Subscribing to Forward using FreshRSS’s XPath Scraping

As I’ve mentioned before, I’m a fan of Tailsteak‘s Forward comic. I’m not a fan of the author’s weird aversion to RSS, so I hacked a way around it first using an exploit in webcomic reader app Comic Chameleon (accidentally getting access to comics weeks in advance of their publication as a side-effect) and later by using my own tool RSSey.

But now I’m able to use my favourite feed reader FreshRSS to scrape websites directly – like I’ve done for The Far Side – I should switch to using this approach to subscribe to Forward, too:

Screenshot showing RSS feed items: recent Forward episodes including their numbers, titles, and publication dates.
The goal: date-ordered, numbered, titled episodes of Forward in my feed reader.

Here’s the settings I came up with –

  • Feed URL: http://forwardcomic.com/list.php
  • Type of feed source: HTML + XPath (Web scraping)
  • XPath for finding news items: //a[starts-with(@href,'archive.php')]
  • Item title: .
  • Item link (URL): ./@href
  • Item date: ./following-sibling::text()[1]
  • Custom date/time format: - Y.m.d
Annotated screenshot showing how each XPath directive maps to each part of the page.
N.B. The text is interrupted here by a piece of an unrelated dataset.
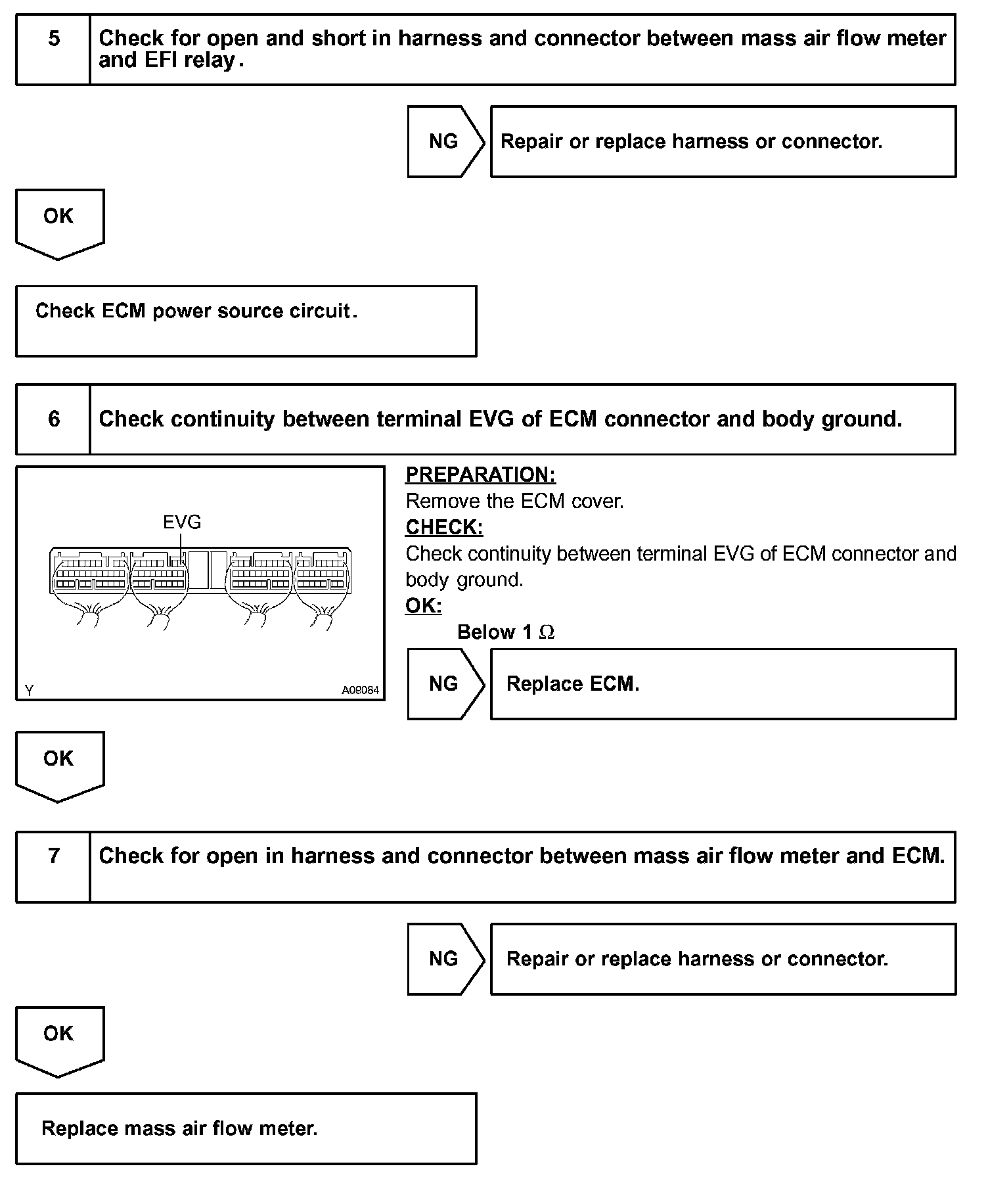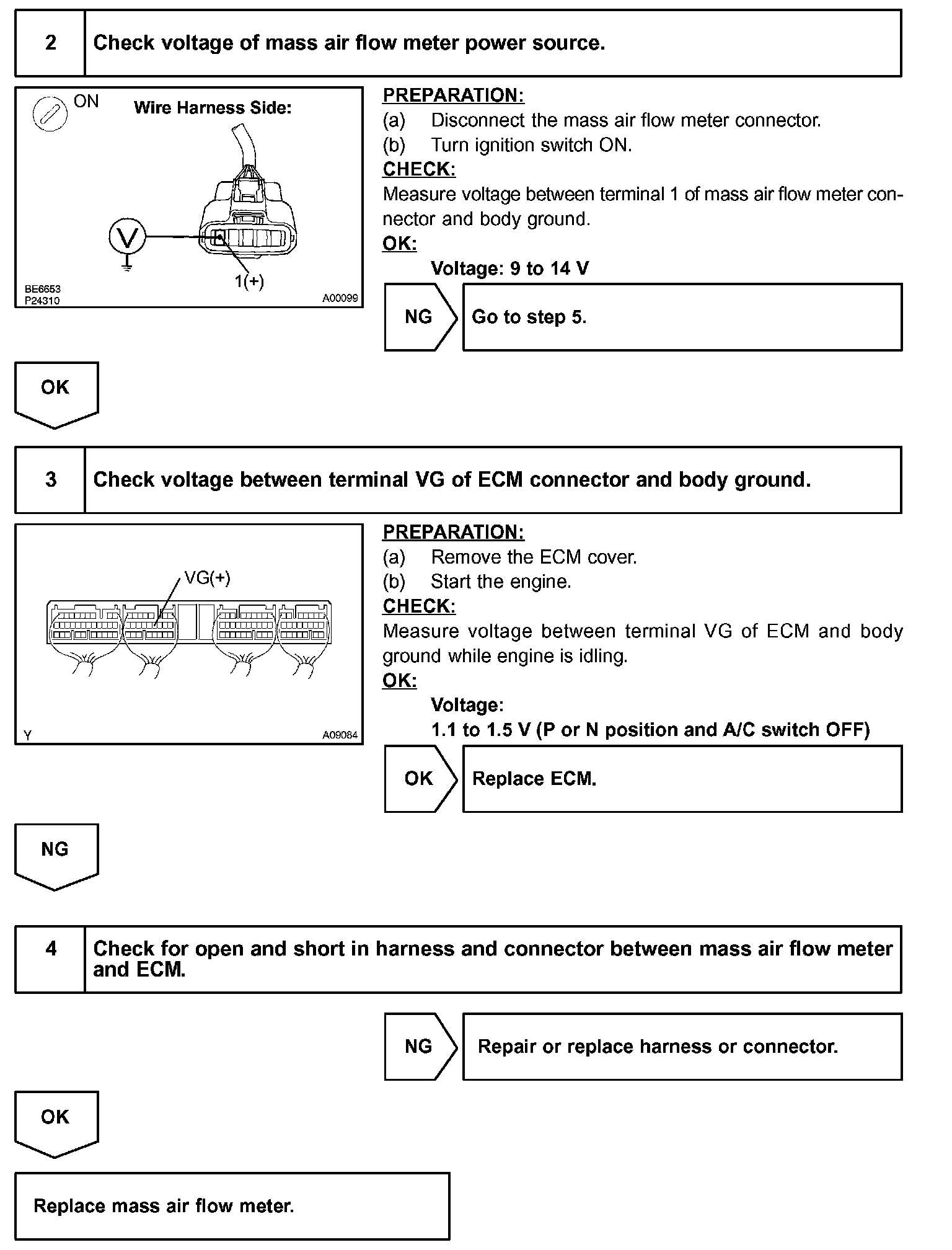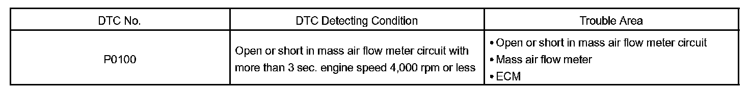 If there is a defect in the MAF (Mass Air Flow) meter or an open or short circuit, the voltage level will deviate outside the normal operating range. The ECM interprets this deviation as a defect in the MAF meter and sets a DTC.

The item selector finds each hyperlink that begins with "archive.php" (notably missing the most-recent comic at any given time, which is found at index.php), and the date is found in the text node that immediately follows it, in a slightly-unusual variation on ISO8601.
The comic pages themselves do a great thing for accessibility by including a complete transcript of each. But the listing page, which is basically a series of <a>s separated by <br>s rather than a <ul> and <li>s, for example, leaves something to be desired (and makes it harder to scrape, too!).

I continue to love this “killer feature” of FreshRSS, but I’m beginning to see how it could go further – I wish I had the free time to contribute to its development!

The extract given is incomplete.